Related Public Programs

Opening Reception
Date: Saturday, October 1, 2011, 7-9pm, at the Center for Architecture, 536 LaGuardia Place,
New York City
In conjunction with the opening of Smarter Living – The 2,000-Watt Society.

When Green is Not an Option but the Law!
Date: October 3, 2011, 6-8pm
Speakers: Moderator: Stephan Tanner, AIA, Principal Intep, Minneapolis MN; Dr. Daniel Kurz, Building Department, City of Zurich, Curator/Editor of the exhibition; Laurie Kerr, AIA, Senior Policy Advisor on Buildings and Energy, Mayor’s Office, City of New York; Mathias Heinz, Architect, Partner, Pool Architekten, Zurich; Richard Dattner, FAIA, Principal Dattner Architects, New York
Organized by: the Center for Architecture and the Consulate General of Switzerland in New York

Sustainability by Design – Meeting the 2030 Challenge in New York City
Date: Learning Module #1: October 18, 2011, 1–5pm; Learning Module #2: October 28, 2011, 1–5 pm; Learning Module #3: November 21, 2011 1–5 pm ; Learning Module #4: December 2, 2011 1–5 pm; Learning Module #5: December 12, 2011 1–5 pm
Organized by: the AIA New York Chapter Committee on the Environment

Buildings=Energy: Design for a Change Symposium
Date: November 5, 2011, 11am-5pm
Speakers: Moderator: William J. Worthen, AIA, LEED AP, Director, Resource Architect for Sustainability, The American Institute of Architects; Margaret O’Donoghue Castillo, AIA, AIANY President; Colin Cathcart, AIA, Partner, Kiss+Cathcart; Rebecca Craft, Director of Energy Efficiency Programs, ConEdison; Michael Colgrove, Director of New York Office, New York State Energy Research and Development Authority; Stephen Selkowitz, Building Technologies, Lawrence Berkeley National Laboratory; Kevin Kampschroer, Director of the Office of Federal High-Performance Green Buildings, U.S. General Services Administration; Dr.
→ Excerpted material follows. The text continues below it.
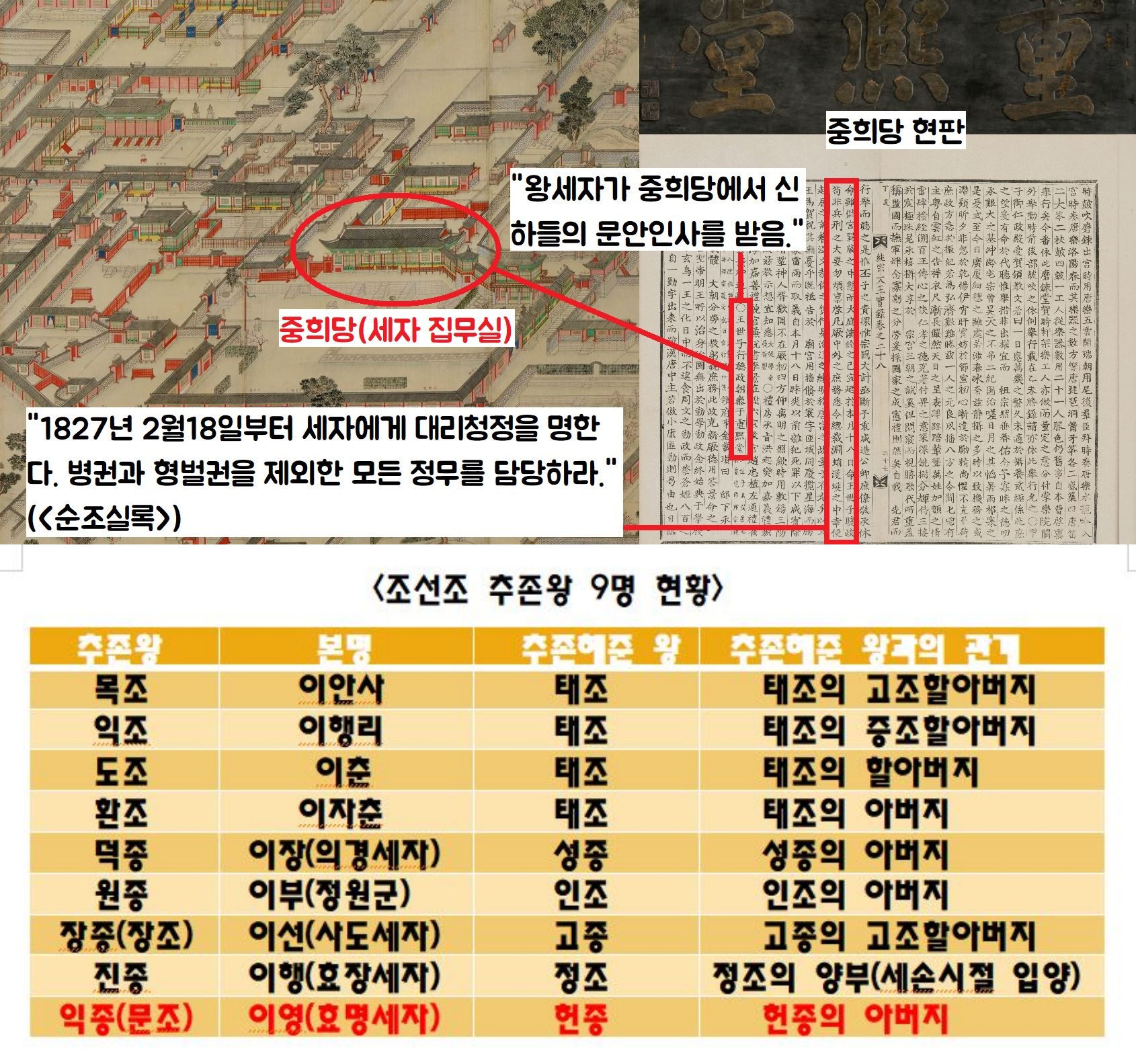 그러나 조선을 통틀어 살아 생전에는 임금이 아니었지만 사후에 임금으로 모신 ‘추존왕’이 한 둘입니까. 효명세자를 포함해서 9명이나 됩니다. 그런 분들 중 ‘효명세자’ 만큼은 ‘국왕대우’를 받아야 한다는 평가가 만만치 않습니다. 왜냐면 효명세자가 “대리청정하라”는 부왕(순조)의 명에 따라 실제로(1827년 2월18~1830년 5월6일) 조선을 다스렸기 때문입니다.

Jane L. Snowdon, Senior Manager, Industry Solutions and Emerging, Business Energy & Environment: Smarter Building Research, IBM T. J. Watson Research Center; Mustafa Abadan, FAIA, Design Partner, SOM; Mahadev Raman, Principal, Arup
Organized by: the AIA New York Chapter in collaboration with the Center for Architecture Foundation

Buildings=Energy Family Day
Date: November 12, 2011, 11am–1pm; 2–4pm
Organized by: the Center for Architecture and the Center for Architecture Foundation

Universities=Energy: Campus Action for Building Energy Reduction
Date: November 22, 2011, 6-8pm
Speakers: Nilda Mesa, Assistant Vice President Environmental Stewardship, Columbia University; Peter Syrett, AIA, LEED AP BD+C, Associate Principal, Senior Project Designer, Perkins+Will; Dianne Anderson, Sustainable Resources Manager, Operations, New York University
Organized by: the AIA New York Chapter in collaboration with the Center for Architecture Foundation

Benchmarking in Action: Retrofitting New York
Date: November 30, 2011, 6-8pm
Speakers: Bruce Fowle, FAIA, LEED AP, Senior Partner, FXFOWLE Architects LLP; Andrew Kimball, CEO, The Brooklyn Navy Yard
Organized by: the AIA New York Chapter in collaboration with the Center for Architecture Foundation

Design for Energy: The Language of Sustainability
Date: December 1, 2011, 6-8pm
Speakers: Moderator: Hillary Brown, FAIA, Professor of Architecture, CUNY, Principal, New Civic Works; Robert Goodwin, AIA, LEED AP, Design Director, Perkins+Will; Daniel Kaplan, FAIA, LEED AP, Principal, FXFOWLE Architects; Varun Kohli, AIA, LEED AP, Principal, MERGEstudio Architecture & Environment; Fiona Cousins, PE, FCIBSE, LEED AP BD+C, Principal, Arup
Organized by: the AIA New York Chapter in collaboration with the Center for Architecture Foundation.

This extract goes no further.